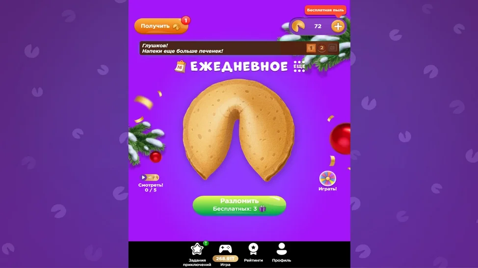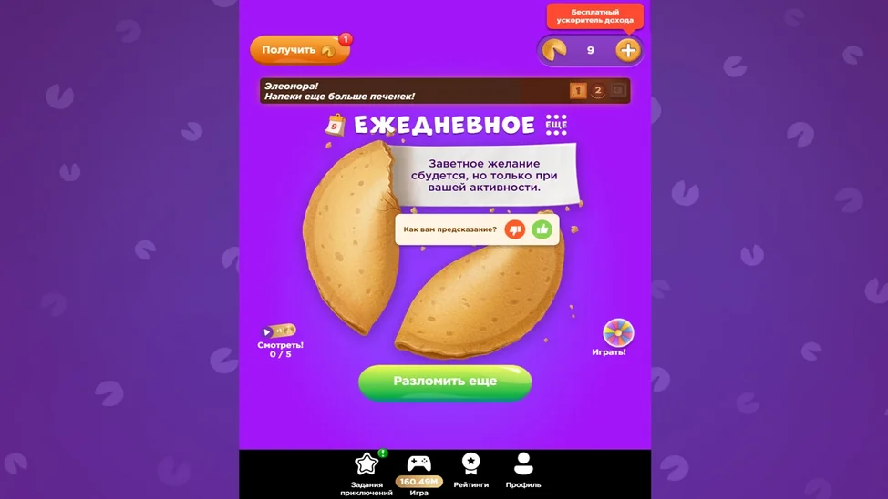 Каждый день тебя ждёт магическая печенька с предсказанием! Разломи её и узнай, что приготовила для тебя Судьба. Накопи несколько печенек, чтобы получить особое послание в категориях «Любовь», «Финансы», «Карьера» или «Друзья».
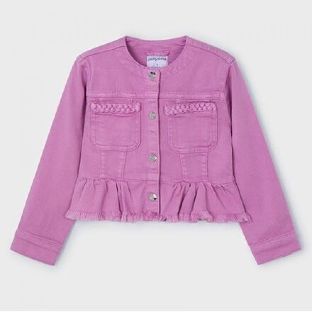 Oblíbené riflové bundičky jsou stále trendy a najdou využití v dětském šatníku od jara do podzimu. Bezvadně se hodí k šatům, sukním i ke klasickým riflím. barva růžová s borůvkovým nádechem Mayoral džíska s copánkovým zdobením na kapsičkách zapínání na patenty příjemná měkká džínovina materiál: 92% bavlna, 2% elastan artikl: Mayoral 3473-50 Orquidea
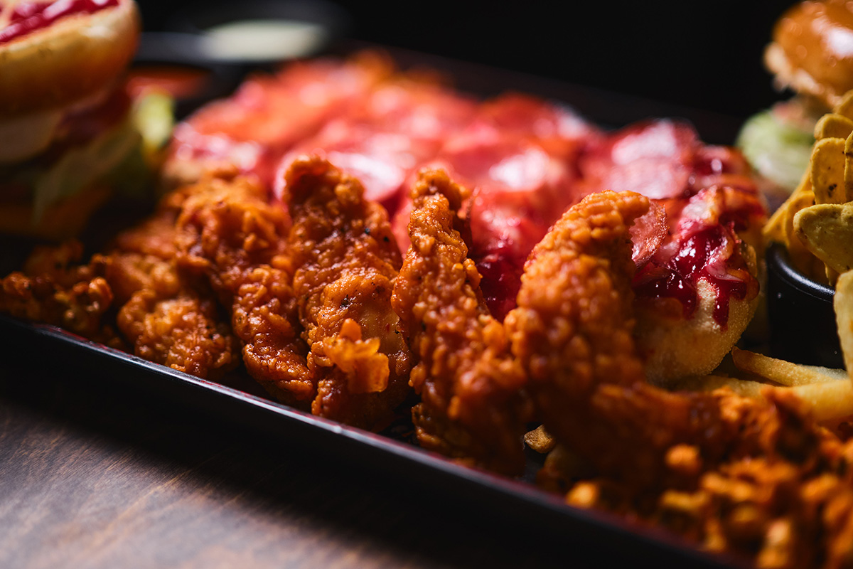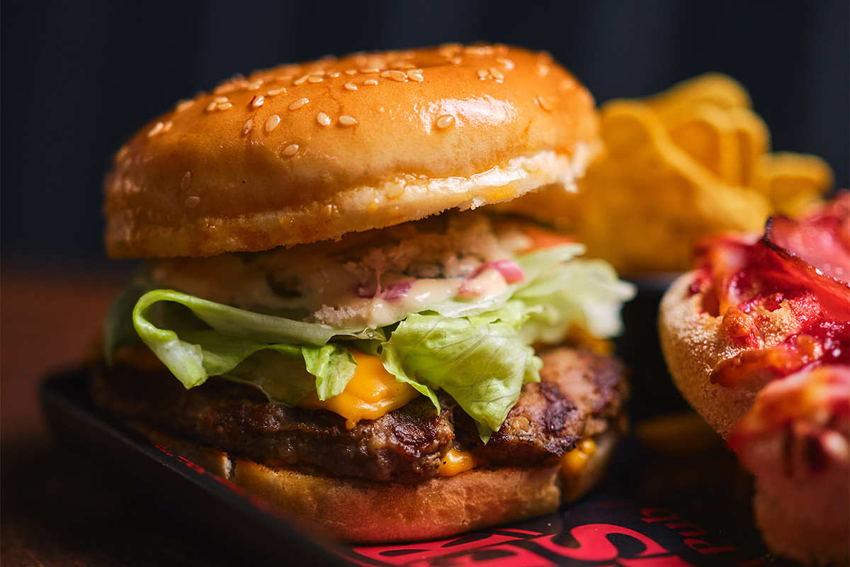 - Benny’s burgers (крафтовая булочка, сочная говяжья котлета, фирменный соус Бургер, сыр чеддер, свежий томат, листья салата, маринованный огурчик, сырный соус)
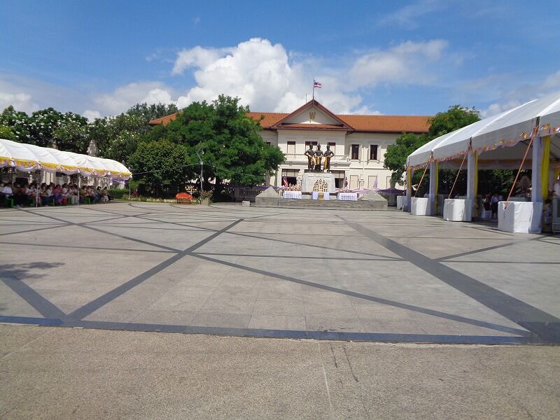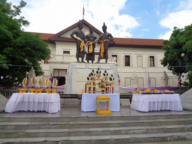 8日(木)の午前中、チェンマイの平穏を祈願する儀式が旧市街の10ヶ所において行われ、私は3人の王様像広場へ行きました。その広場には大ぜいの人が儀式に参列していました。

* [What is expected] Retype all of the listing above exactly, but keep its pictures out.

* [Solution to this exercise]
 Каждый день тебя ждёт магическая печенька с предсказанием! Разломи её и узнай, что приготовила для тебя Судьба. Накопи несколько печенек, чтобы получить особое послание в категориях «Любовь», «Финансы», «Карьера» или «Друзья».
 Oblíbené riflové bundičky jsou stále trendy a najdou využití v dětském šatníku od jara do podzimu. Bezvadně se hodí k šatům, sukním i ke klasickým riflím. barva růžová s borůvkovým nádechem Mayoral džíska s copánkovým zdobením na kapsičkách zapínání na patenty příjemná měkká džínovina materiál: 92% bavlna, 2% elastan artikl: Mayoral 3473-50 Orquidea
 - Benny’s burgers (крафтовая булочка, сочная говяжья котлета, фирменный соус Бургер, сыр чеддер, свежий томат, листья салата, маринованный огурчик, сырный соус)
 8日(木)の午前中、チェンマイの平穏を祈願する儀式が旧市街の10ヶ所において行われ、私は3人の王様像広場へ行きました。その広場には大ぜいの人が儀式に参列していました。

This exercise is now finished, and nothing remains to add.